Insuring the uninsurable; systemic cyber risk

Edouard von Herberstein, founder and CEO of Spectra, discusses what the Great Fire of London, 18th century shipping, hurricanes and cyber all have in common.

Cyber insurance is a basic need in the digital economy – it is a critical safety net protecting businesses from the often-catastrophic consequences of cyber incidents.

However, according to CFC’s former chief innovation officer, only about 10 percent of businesses have cyber insurance.

While some customers might decide not to buy, insurers are also concerned about lack of visibility into cybersecurity posture (data) and systemic cyber risk, therefore limiting cyber insurance availability.

“Cyber catastrophe risk continues to be a major concern for the (re)insurance market, with a lack of scaled, sustainable solutions for systemic risk holding back growth in the market," says Dan Carr at Ariel Re, a leading cyber reinsurer.

Insurers want to better understand what the costs are from potentially systemic events such as the occurrence of a long public cloud outage or the propagation of malware through the tech supply chain, which could cause simultaneous business interruption across thousands of businesses.

However, insurers currently do not have access to this information because adherence to cybersecurity standards is not inspected during the underwriting process, as performed in other insurance lines.

For over 600 years the insurance industry has faced and solved systemic risk challenges, leaving a blueprint to help address the cyber insurance gap we face today.

1666: “Fire is uninsurable”

The Great Fire of London destroyed most of the city, resulting in costs that represented 1,000 times the GDP of London at the time.

Hesitation to rebuild and lack of insurance led to the implementation of fire safety, mitigation and controls including: rebuilding with bricks instead of wood, fire building codes, broader streets (“firewalls”), relying on fire brigades to quickly respond to fire outbreaks and monitor fire hazard, and removing trash.
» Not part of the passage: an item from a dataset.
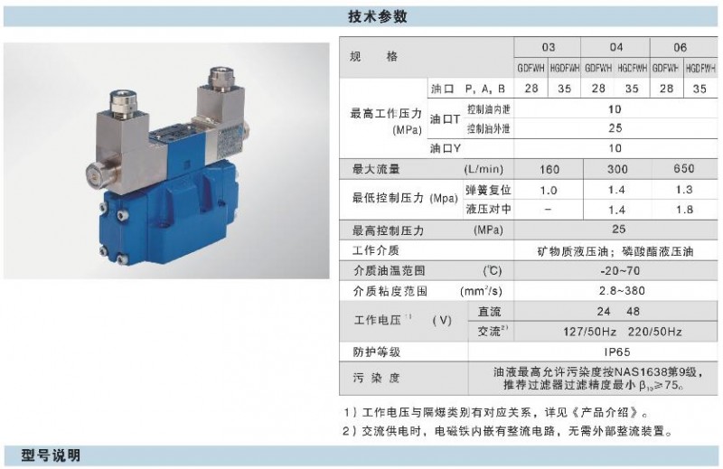二、技術(shù)參數(shù):規(guī)格 06 10 最高工作壓力 (MPa) 31.5 最大流量 (L/min) 220 430 工作介質(zhì) 礦物質(zhì)液壓油;磷酸脂 介質(zhì)油溫范圍 (℃) -20~70 介質(zhì)粘度范圍 (mm2/s) 2.8~380 開啟壓力 (MPa) a:0.05 b:0.4 工作電壓 (V) 直流 24 *交流 127, 220 防護(hù)等級(jí) IP55

This led to the certification of insured homes (“Fire Marks”).

London was only rebuilt as insurance became available.

1760: “Global shipping is uninsurable”

In the mid-1700s global shipping was booming. However, the risks were many, and often resulted in catastrophic outcomes for insurers.

Fire, foreign enemies, pirates, thieves, jettisons, loss of cargo, mutiny of captain or crew, hurricanes, sea ice, diseases, unsafe harbours, and more pushed voyage financiers to request more comprehensive marine insurance coverage.

This led insurers to drive requirements for new security standards and certification of ship design, maintenance, journey itinerary, moorings, crew training, and thorough and regular inside and outside inspections of ships (anchor, chain, rigs, sails, hull material, etc.).

The Lloyd's Register was created to certify and register ships, producing data evidencing sufficient risk controls and enabling insurers to confidently offer ship and cargo insurance.

Unlocking marine insurance facilitated an explosion in global trade.

1992: “Hurricanes are uninsurable”

In 1992, Category 5 Hurricane Andrew devastated southern Florida in a way that insurers did not think was possible – many went insolvent.

The magnitude of destruction and related losses associated with Andrew led many insurers to conclude that hurricanes were uninsurable as they could impact entire cities simultaneously.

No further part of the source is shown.